■ **What you are asked to do**
All lines from the one containing "Meteoroloji Genel Müdürlüğü'nün" through the end of the data below are to be repeated exactly, with pictures left out.

■ **Data below**
-- Opening Marker --

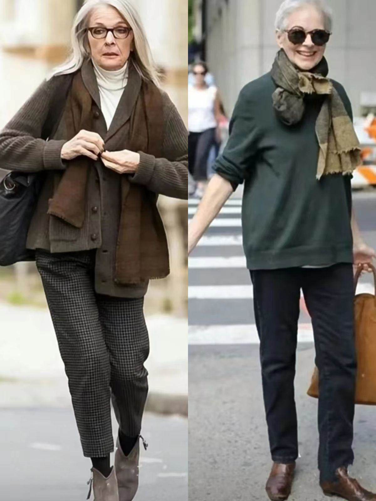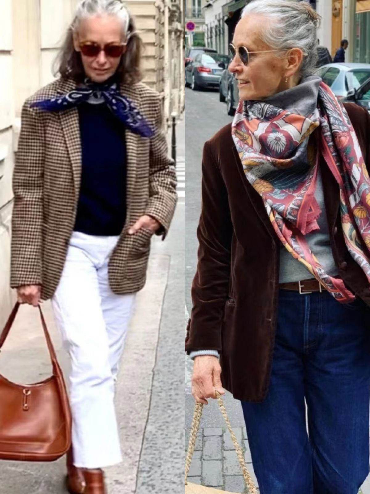 國外奶奶到了70多歲,依舊熱愛絲巾,復古保暖的西服造型有了絲巾加入,更添柔美與精致。
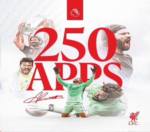 此役客場對陣桑德蘭,阿利松首發出戰,這位巴西門將迎來英超生涯第250次出場,全部是代表利物浦出戰。
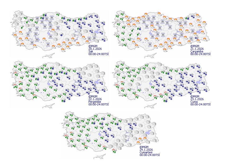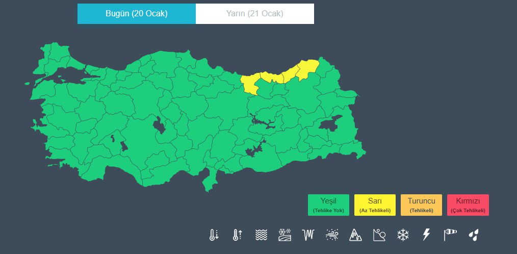 Meteoroloji Genel Müdürlüğü'nün son tahminlerine göre Türkiye genelinde hava durumu birçok bölgede olumsuzluklara neden olacak. Yapılan değerlendirmelerde; Artvin, Giresun, Rize ve Trabzon için sarı kodlu uyarı verilirken, Doğu Karadeniz'de yoğun kar yağışı, Marmara ve Kuzey Ege'de kuvvetli rüzgar, iç ve doğu kesimlerde ise buzlanma, don ve çığ tehlikesi beklendiği açıklandı.
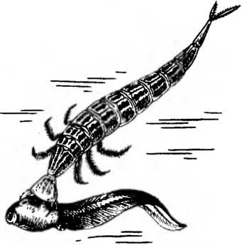 Вонзив в него челюсти, отрыгивает из пищевода особую жидкость. Через отверстие у основания челюсти она попадает в канал, по нему — к концу челюсти, а оттуда — в тело головастика.

-- Closing Marker --

■ **Exercise answer**
 Meteoroloji Genel Müdürlüğü'nün son tahminlerine göre Türkiye genelinde hava durumu birçok bölgede olumsuzluklara neden olacak. Yapılan değerlendirmelerde; Artvin, Giresun, Rize ve Trabzon için sarı kodlu uyarı verilirken, Doğu Karadeniz'de yoğun kar yağışı, Marmara ve Kuzey Ege'de kuvvetli rüzgar, iç ve doğu kesimlerde ise buzlanma, don ve çığ tehlikesi beklendiği açıklandı.
 Вонзив в него челюсти, отрыгивает из пищевода особую жидкость. Через отверстие у основания челюсти она попадает в канал, по нему — к концу челюсти, а оттуда — в тело головастика.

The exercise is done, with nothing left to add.